Deadlock occurs when a thread falls into a circular waiting state while waiting for other threads to release resources. Strategies to avoid deadlock include: Avoid loop waiting Orderly use of resources Timeout strategy In the dining philosophers problem, orderly use of chopstick resources (left chopstick first) solves the deadlock problem.

Deadlock in C++ concurrent programming and strategies to avoid deadlock

What is a deadlock?

In concurrent programming, deadlock occurs when multiple threads wait for other threads to release resources at the same time. This causes the thread to block indefinitely, unable to continue execution.

Strategies to avoid deadlock

There are several strategies to avoid deadlock:

• Avoid circular waiting:Ensure that threads do not form a circular waiting relationship by waiting for other threads to release resources.
• Orderly use of resources: Establish a fixed acquisition order for all resources and force all threads to acquire resources in this order.
• Timeout strategy: Set a timeout for obtaining resources. When the thread cannot obtain resources within the timeout period, the resources will be released.

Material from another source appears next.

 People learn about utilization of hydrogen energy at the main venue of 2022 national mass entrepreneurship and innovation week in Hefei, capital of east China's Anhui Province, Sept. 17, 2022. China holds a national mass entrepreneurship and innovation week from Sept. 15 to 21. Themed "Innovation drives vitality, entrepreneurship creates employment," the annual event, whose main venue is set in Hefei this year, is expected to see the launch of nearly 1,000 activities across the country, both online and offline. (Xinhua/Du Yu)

Practical case: The dining philosophers problem

The dining philosophers problem is a classic deadlock problem. There are 5 philosophers sitting around a round table, each with a chopstick. They can eat with two chopsticks on the left and right at any time, but they can only take one chopstick at the same time. If all philosophers pick up the left chopstick at the same time, they will all be in a deadlock.

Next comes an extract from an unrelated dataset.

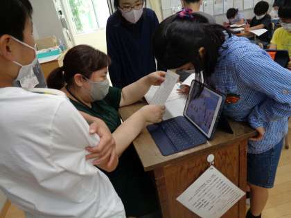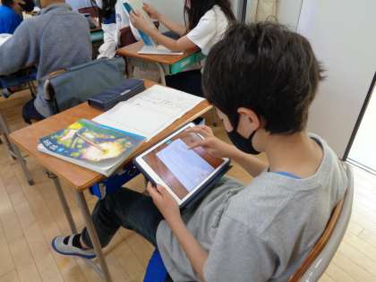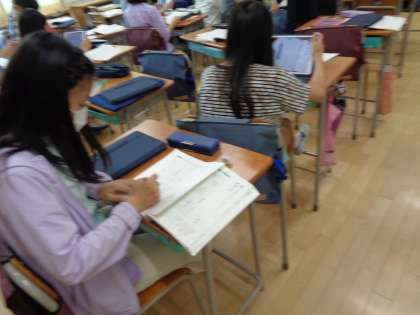 書き上がった人から、自分の文章を写真で撮って、「ロイロノート」にアップします。そして、友達の文章を読み比べました。

We can use the Orderly use of resources strategy to solve this problem:

// 筷子类
class Chopstick {
public:
    Chopstick() {
        m_mutex = new std::mutex;
    }

    ~Chopstick() {
        delete m_mutex;
    }

    void lock() {
        m_mutex->lock();
    }

    void unlock() {
        m_mutex->unlock();
    }

private:
    std::mutex* m_mutex;
};

// 哲学家类
class Philosopher {
public:
    Philosopher(int id, Chopstick* left, Chopstick* right)
        : m_id(id), m_left(left), m_right(right) {}

    void dine() {
        while (true) {
            // 获取左边的筷子
            m_left->lock();

            // 获取右边的筷子
            m_right->lock();

            // 进餐
            std::cout << "哲学家 " << m_id << " 正在进餐" << std::endl;

            // 放下右边的筷子
            m_right->unlock();

            // 放下左边的筷子
            m_left->unlock();
        }
    }

private:
    int m_id;
    Chopstick* m_left;
    Chopstick* m_right;
};

int main() {
    // 创建 5 根筷子
    Chopstick chopsticks[5];

    // 创建 5 个哲学家
    Philosopher philosophers[5] = {
        Philosopher(0, &chopsticks[0], &chopsticks[4]),
        Philosopher(1, &chopsticks[1], &chopsticks[0]),
        Philosopher(2, &chopsticks[2], &chopsticks[1]),
        Philosopher(3, &chopsticks[3], &chopsticks[2]),
        Philosopher(4, &chopsticks[4], &chopsticks[3])
    };

    // 启动哲学家线程
    std::thread threads[5]; 
    for (int i = 0; i < 5; i++) {
        threads[i] = std::thread(&Philosopher::dine, &philosophers[i]);
    }

    // 等待哲学家线程结束
    for (int i = 0; i < 5; i++) {
        threads[i].join();
    }

    return 0;
}

In this example, we create a std for each chopstick: :mutexMutex lock, ensuring that only one philosopher can obtain the chopsticks at a time. By getting the chopsticks in order, we avoid deadlock.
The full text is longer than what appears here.